PROBLEM TO WORK ON |
In the records below, reproduce exactly the lines from the one containing "Clara Sunwoo Faux" through the one containing "裾にケミカルレース刺繍を施し", both included, and omit the pictures.

(Items listed in a dataset)

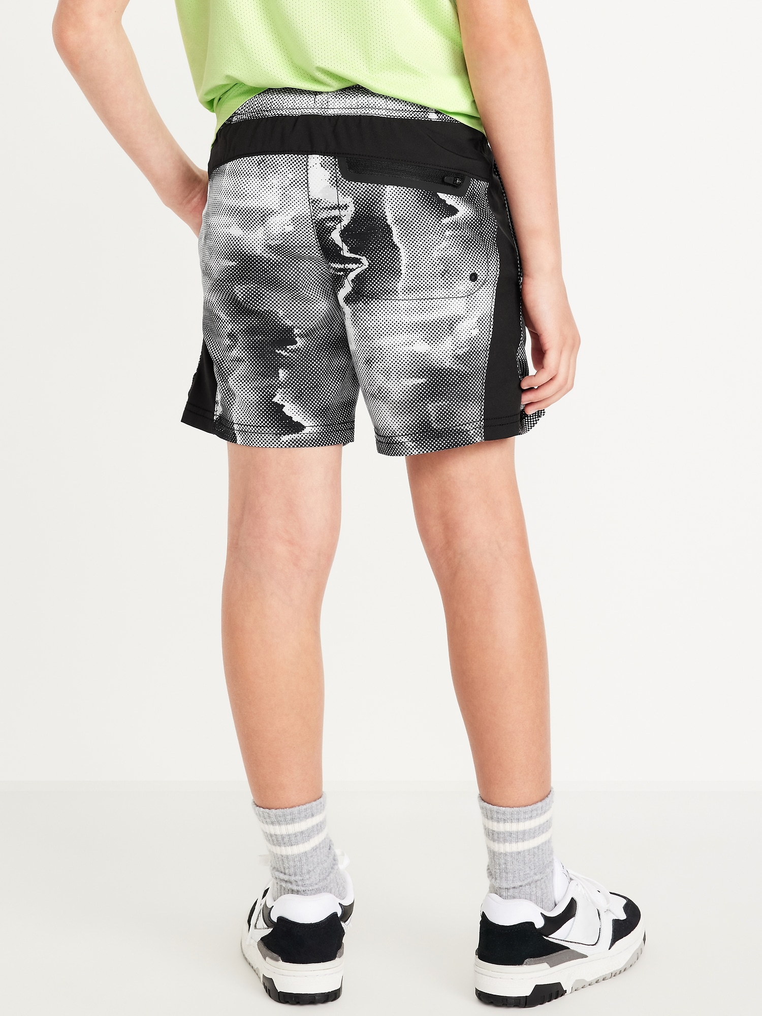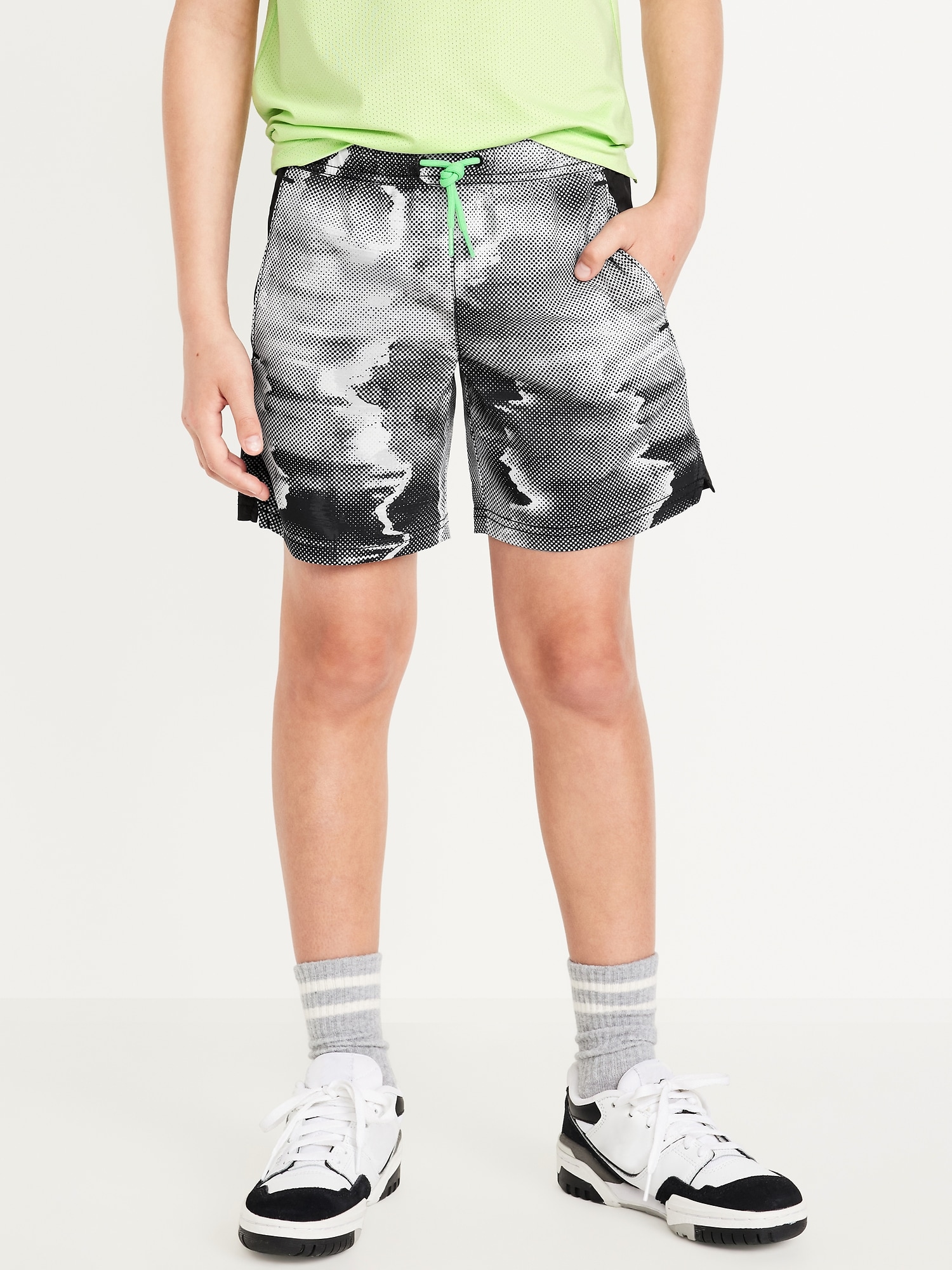 Above Knee StretchTech Performance Shorts for Boys: elasticized waistband, adjustable drawstring, diagonal on-seam pockets, single pocket at back, vented sides at hem, #695609
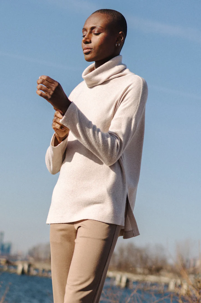 Clara Sunwoo Faux Cashmere Tunic Turtleneck Sweater - Natural / XS is backordered and will ship as soon as it is back in stock.
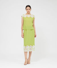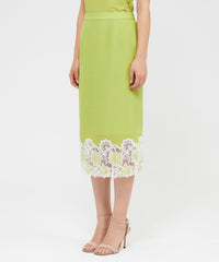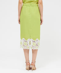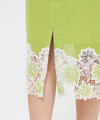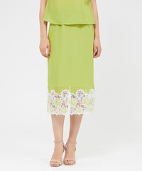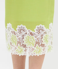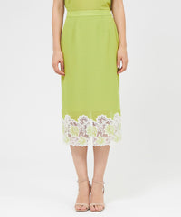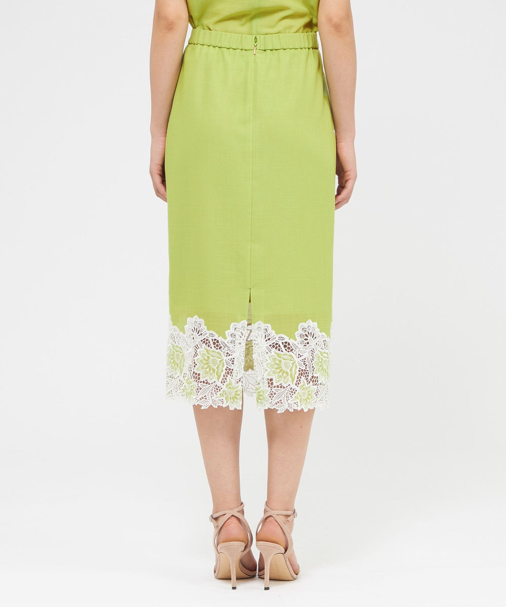 裾にケミカルレース刺繍を施したタイトスカートです。後ろウエストはゴム入りで快適な着心地でありながらも、足元が品よく透けてエレガントな印象に。同素材のブラウス(品番:M5M30569)とセットアップで合わせれば、オンシーンにも対応出来る綺麗めなコーディネートが完成します。
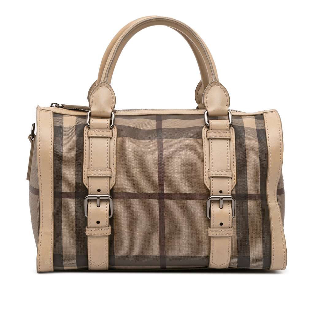 This satchel features a smoke check coated canvas body with leather trim, rolled leather handles, and a top zip closure.
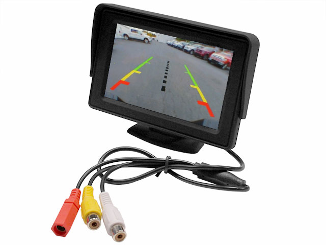 Monitorius galinio vaizdo kamerai. Skirtas galinio vaizdo kamerų sumontavimui automobiliuose su gamykline garso sistema, neturinčia linijinio vaizdo signalo įėjimo.
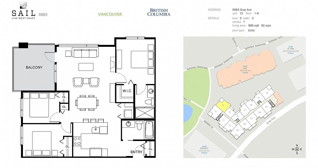 Located in the heart of Wesbrook Village at UBC, this rarely available 3-bedroom, 2-bathroom corner unit at SAIL by renowned developer Adera offers a perfect blend of luxury, comfort, and convenience. Surrounded by lush green space, fountains, and a tranquil courtyard, the home features a bright and functional layout with 996 SF of living space . Floor-to-ceiling windows and 9ft ceilings,In-floor radiant heating throughout,steps from the UBC campus, University Hill Secondary School, community centre, shops, restaurants, parks, groceries, medical clinics, and transit . Don't miss?

EXERCISE OUTPUT |
 Clara Sunwoo Faux Cashmere Tunic Turtleneck Sweater - Natural / XS is backordered and will ship as soon as it is back in stock.
 裾にケミカルレース刺繍を施したタイトスカートです。後ろウエストはゴム入りで快適な着心地でありながらも、足元が品よく透けてエレガントな印象に。同素材のブラウス(品番:M5M30569)とセットアップで合わせれば、オンシーンにも対応出来る綺麗めなコーディネートが完成します。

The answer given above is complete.